Do I assume they are eating that?

I see them eating but I can't tell what.

I also try and feed some betta food the betta didn't like. Quite big (bigger than betta bites) and I will see them role the food as if eating microbes on top of it or just sucking the soft surface. I did notice they were eating left over dried food, which I know they are suppose to do.

I'm just wondering when do I actual start feeding them there own food. Or never? Just give them some extra fish food occasionally. I still have a lot of algae, but I don't know if they only eat specific kinds.

Thanks


----------



## Wood (Jul 27, 2006)

Hikari Algae Wafers are good.

Thanks,
Ryan


----------



## elaphe (Aug 24, 2006)

newbie314 said:


> I have NPT tank but with a filter, light, heater, etc. and still a lot of algae.
> Do I assume they are eating that?
> 
> I see them eating but I can't tell what.
> ...


Mine will readily eat anything except living BBA (but I have seen them chew on it some). They will eat what they want first, but when I don't offer any extra food, they seem to eat anything available. I once saw them chewing on my HC in my old tank. I know they do eat microbes that are on rocks, wood, food, etc.
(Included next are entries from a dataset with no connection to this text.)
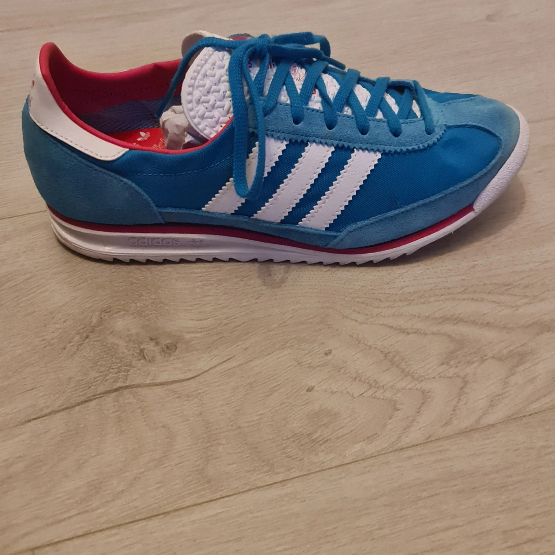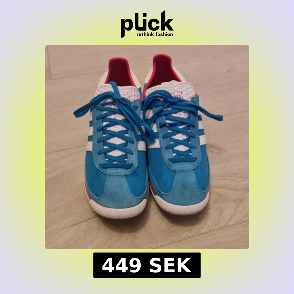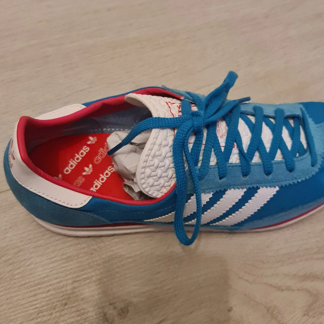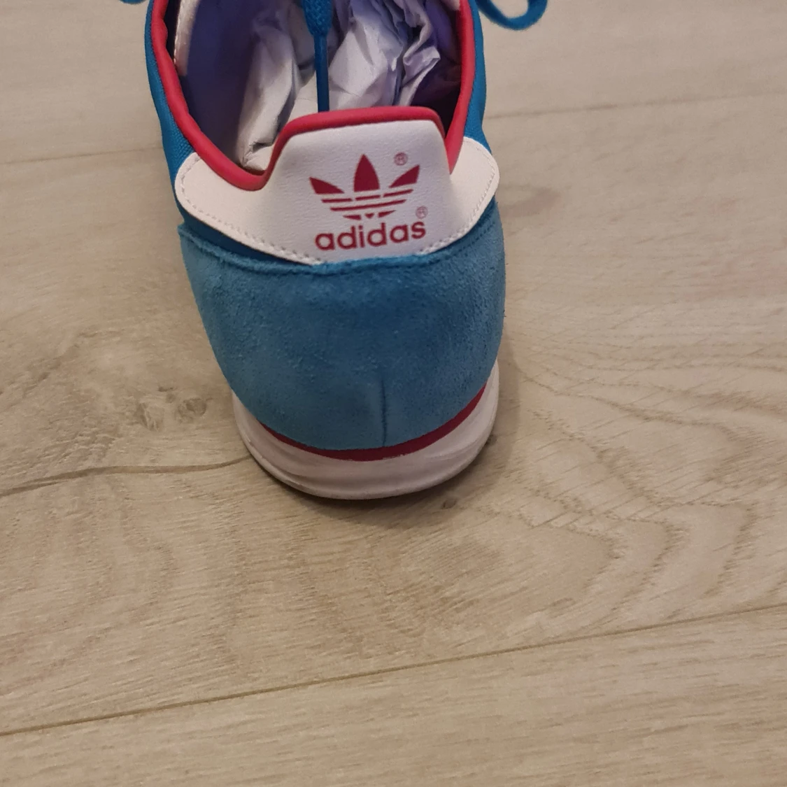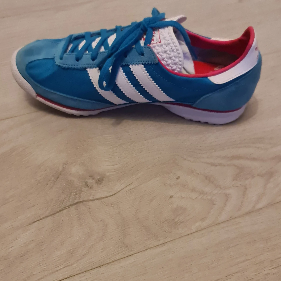 Snygga blå Adidas sneakers med klassiska vita ränder på sidorna och detaljer i rött. Ovandelen är i mocka och textil, med vit plös och snörning. Skorna har låg profil och platt sula, perfekt för en sportig och retro look.
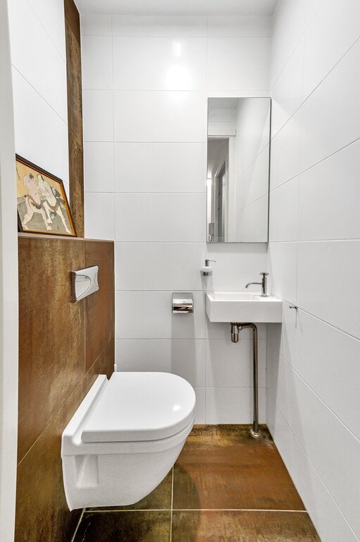 Galerij, entree, hal, twee kamers aan de galerijzijde waarvan één ruime slaapkamer volledig gemeubileerd met televisie, de andere kamer betreft een kleedkamer, ‘inloopkast’ met veel opbergruimte (respectievelijk 8 m2) van Carré Furniture, separaat zwevend toilet met fontein, de badkamer heeft een regendouche (met massage-stralen), douche bankje en een dubbele wastafel met 4 kastjes, het toilet en de badkamer zijn beide luxe afgewerkt en voorzien van een mooie brons-gouden tegelvloer (vloerverwarming aanwezig.)
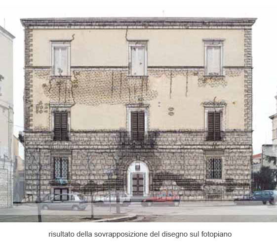 l'immmagine prospettica A. L'immagine raddrizzata B è un fotopiano, essa infatti può essere intesa come un oggetto bidimensionale, dato che la terza dimensione è trascurabile rispetto alla distanza di osservazione. Quindi, supposto il parallelismo tra il prospetto e la superficie sensibile, si può ritenere che sia una rappresentazione in scala della realtà, nota una misura di riferimento, per proporzionalità risultano definite tutte le altre. Prova a rilevare le distanze. Parimenti si può ricorrere ad altri programmi per ottenere una rappresentazione grafica del prospetto. |
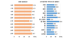特に、後期日程全体の県内出身者割合が23.7%と低くなっている。これは、九州大学がほかの難関国立大学に比べて後期日程を実施する学部が多く、2025年度は共通テストの平均点があがったことにより、前期日程で東京大学・京都大学・名古屋大学・大阪大学にチャレンジした成績上位層の併願先として、全国から受験生が集まったことが要因と考えられるという。
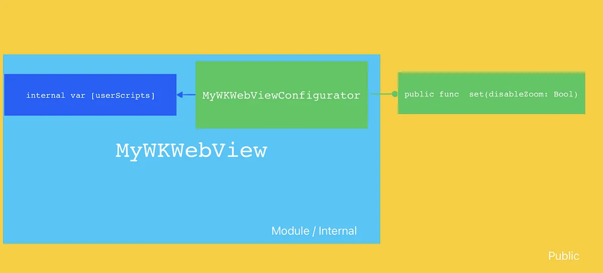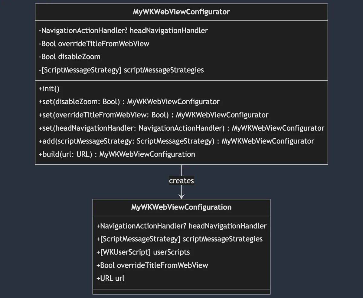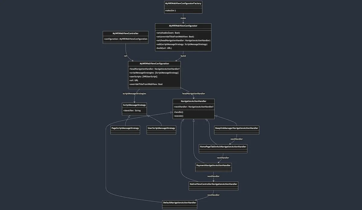 MyWKWebViewConfigurator-> EncapsulatesMyWKWebViewConfigurationparameters and build stepsMyWKWebViewConfigurationInjection -> Used byMyWKWebViewControllerChain of Responsibility Pattern
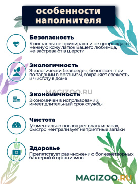 Кристаллы наполнителя безопасны для нежных кошачьих лапок: они не прилипают и не повреждают кожу лапок Вашего любимца, а так же не застревают в шерсти.
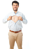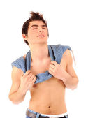 Człowiek za pomocą pod pachami poceniu dezodorant w sprayu
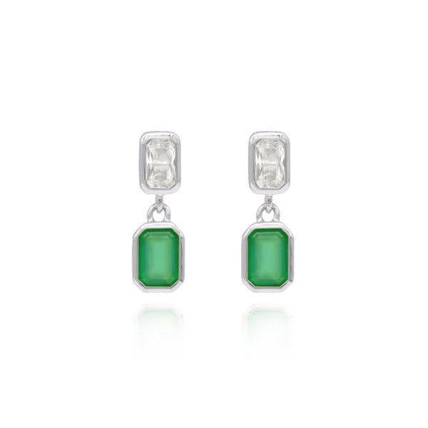 The Gemme Calibri Drop Earrings feature a green onyx & lab-grown white sapphire.
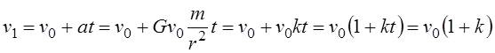 Это ускорение вызывает увеличение скорости космолёта. Для простоты произведём анализ этой скорости следующим образом. Пусть начальная скорость космолёта увеличивается каждую секунду на некоторую величину и составляет:

I guess these tiny "bugs" seem more tasty to them?

I have yet to see a cherry shrimp starve to death! 

Brian


----------



## Chrono (Sep 30, 2007)

Thanks guys.I'll use the sinking wafers.Note that the "sinking wafers" have a much higher meat to veg. ratio than the "algae wafers".I just fed it to them and they seem to love the stuff.


----------



## spypet (Jul 27, 2007)

I prefer using Hikari crab cuisine for my RCS.
they are small 2mm logs so the shrimp don't
need to fight over a large wafer, and these 
are completely copper free, unlike most
veggie disks containing Copper Sulfate.
these also add needed calcium to their diet.
they also add garlic to attract finicky eaters,
and they don't use lots of starch and ash.

shrimp get plenty of veggies cleaning my planted tank.


----------



## newbie314 (Mar 2, 2007)

Where do you buy this?
I can't find it online with the regular local pet stores
Don't want to order from drsfostersmith and have $8 in shipping for a $2 item :O



spypet said:


> I prefer using Hikari crab cuisine for my RCS.
> they are small 2mm logs so the shrimp don't
> need to fight over a large wafer, and these
> are completely copper free, unlike most
> ...


----------



## spypet (Jul 27, 2007)

I would normally just add it to my next dry goods order,
but if you want to try it, and don't need anything else;

 only $5 shipped off ebaY


----------



## newbie314 (Mar 2, 2007)

Yeah thanks.
My brain must be on stupid. 
I realized later - hey ebay


----------